The inventory of Houthulst was done in great details: a map of the municipality with the World War remains drawn on it.
In February 2004 a new C.A.I.-project started with the goal of making an inventory of all World War One remains in Western Flanders, based on Wartime aerial photographs. At first, a basic inventory will be made of all the frontlines and defensive lines. The most seriously threatened areas, are also inserted in the inventory in a very detailed manner. The computer recalculates the wartime aerial photographs to fit on a contemporary map according to a number of indicated points; this technique is called image warping. Next, polygons, lines or dots on the modern map can indicate the structures visible on the aerial photograph. Meanwhile, in the area through which the A19 could be extended the inventory of the structures will continue in a very detailed manner, also using aerial photographs.

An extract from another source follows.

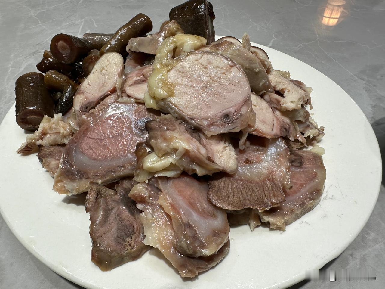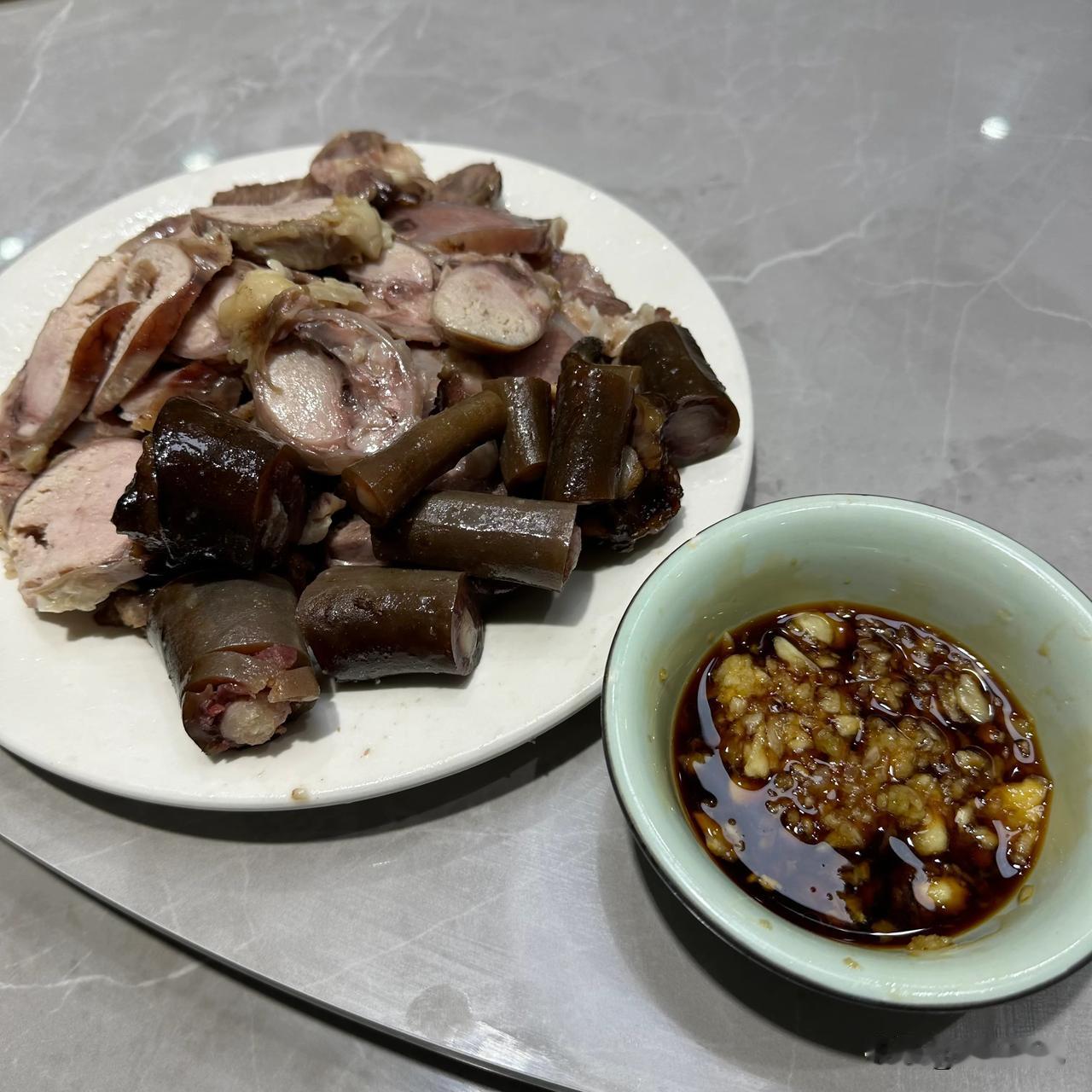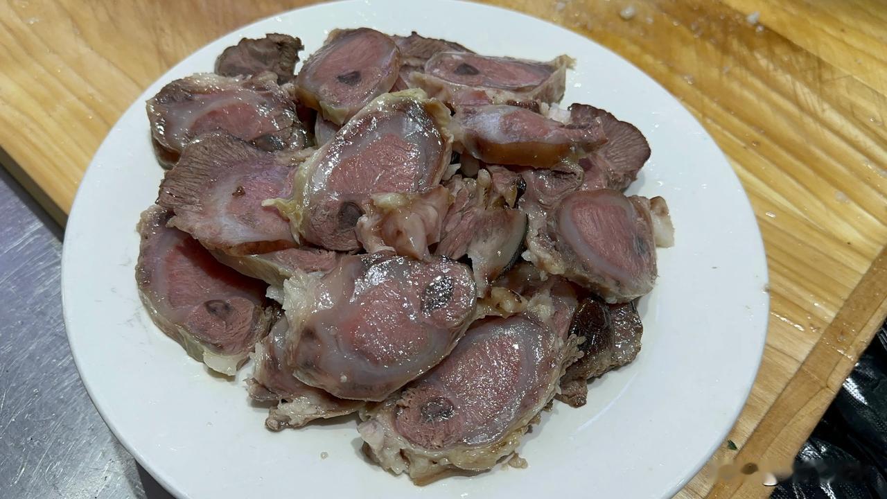 煮熟的驴肉切成片,口感细腻柔嫩,蘸着蒜泥吃是真香![吐舌] 驴肉汤也好喝,补气养血!

Parts of the Hollandstellung and remains of World War 1-heritage in several villages have been the subject of an extensive inventory, the C.A.I. (Central Archaeological Inventory), since 2001. Taking inventory of this heritage (consisting of trenches, metre gauge railways, (deep) dugouts, concrete shelters, etc.) and placing it in proper archaeological and historical context was not an easy task. Therefore the study of the so-called trenchmaps and aerial photography from the Great War were an important source of information with which to begin the field work itself.